■ Problem
Determine the number of lines in these entries that hold the word "they". Give the number and nothing more.

■ Listed records
- Opening Delimiter -
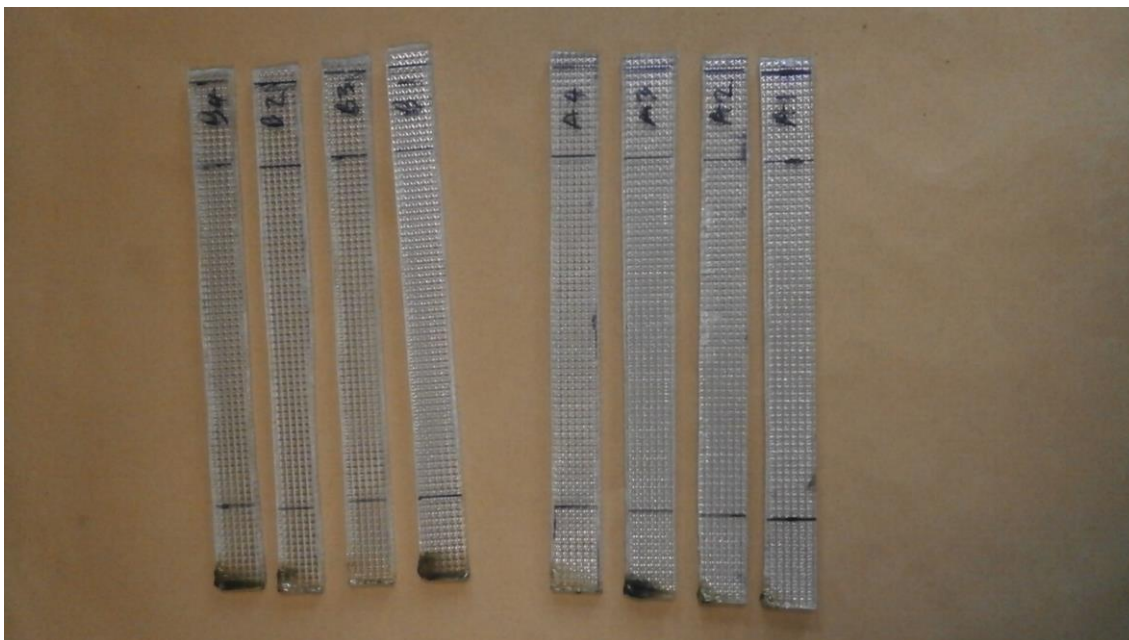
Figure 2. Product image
- Closing Delimiter -
- Opening Delimiter -
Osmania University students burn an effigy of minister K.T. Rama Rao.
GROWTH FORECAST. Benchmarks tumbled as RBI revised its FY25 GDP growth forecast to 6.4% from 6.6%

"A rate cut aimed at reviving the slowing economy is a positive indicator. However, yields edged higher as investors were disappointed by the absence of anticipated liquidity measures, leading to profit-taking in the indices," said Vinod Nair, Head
- Closing Delimiter -
- Opening Delimiter -
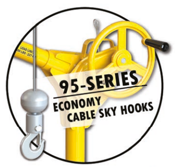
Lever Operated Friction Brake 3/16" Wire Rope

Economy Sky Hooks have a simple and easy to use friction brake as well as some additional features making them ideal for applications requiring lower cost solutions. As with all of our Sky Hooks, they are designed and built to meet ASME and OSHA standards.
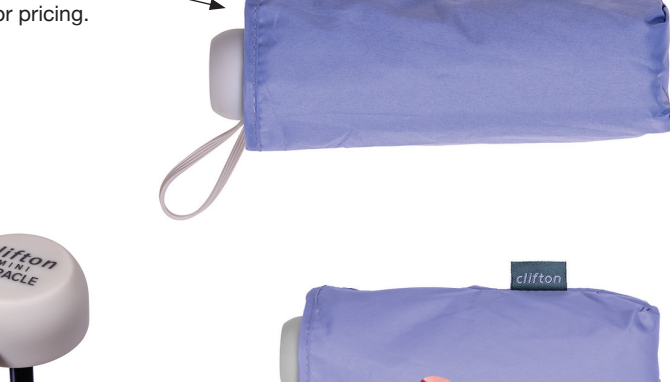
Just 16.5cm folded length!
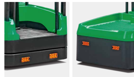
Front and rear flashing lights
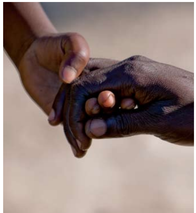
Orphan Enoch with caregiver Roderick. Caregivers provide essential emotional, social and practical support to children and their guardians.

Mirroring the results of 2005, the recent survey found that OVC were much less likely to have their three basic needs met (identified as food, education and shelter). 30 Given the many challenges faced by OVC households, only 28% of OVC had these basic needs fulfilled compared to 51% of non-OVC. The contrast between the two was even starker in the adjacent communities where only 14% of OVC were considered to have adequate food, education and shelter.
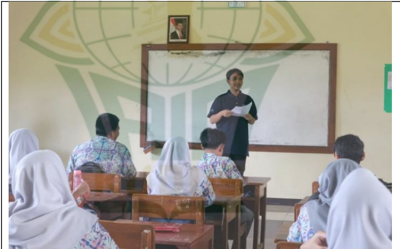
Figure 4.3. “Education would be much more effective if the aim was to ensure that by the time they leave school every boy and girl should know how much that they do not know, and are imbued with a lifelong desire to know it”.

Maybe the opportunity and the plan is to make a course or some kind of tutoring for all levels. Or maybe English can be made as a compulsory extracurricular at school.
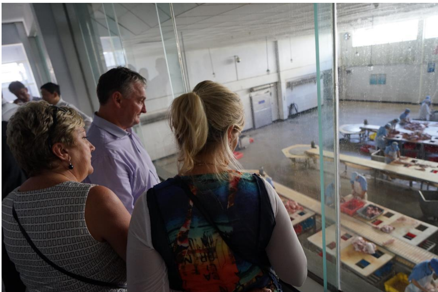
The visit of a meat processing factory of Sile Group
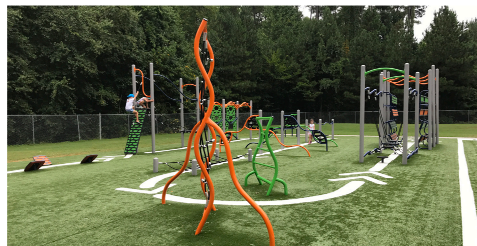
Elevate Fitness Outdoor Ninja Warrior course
- Closing Delimiter -
■ Expected output
2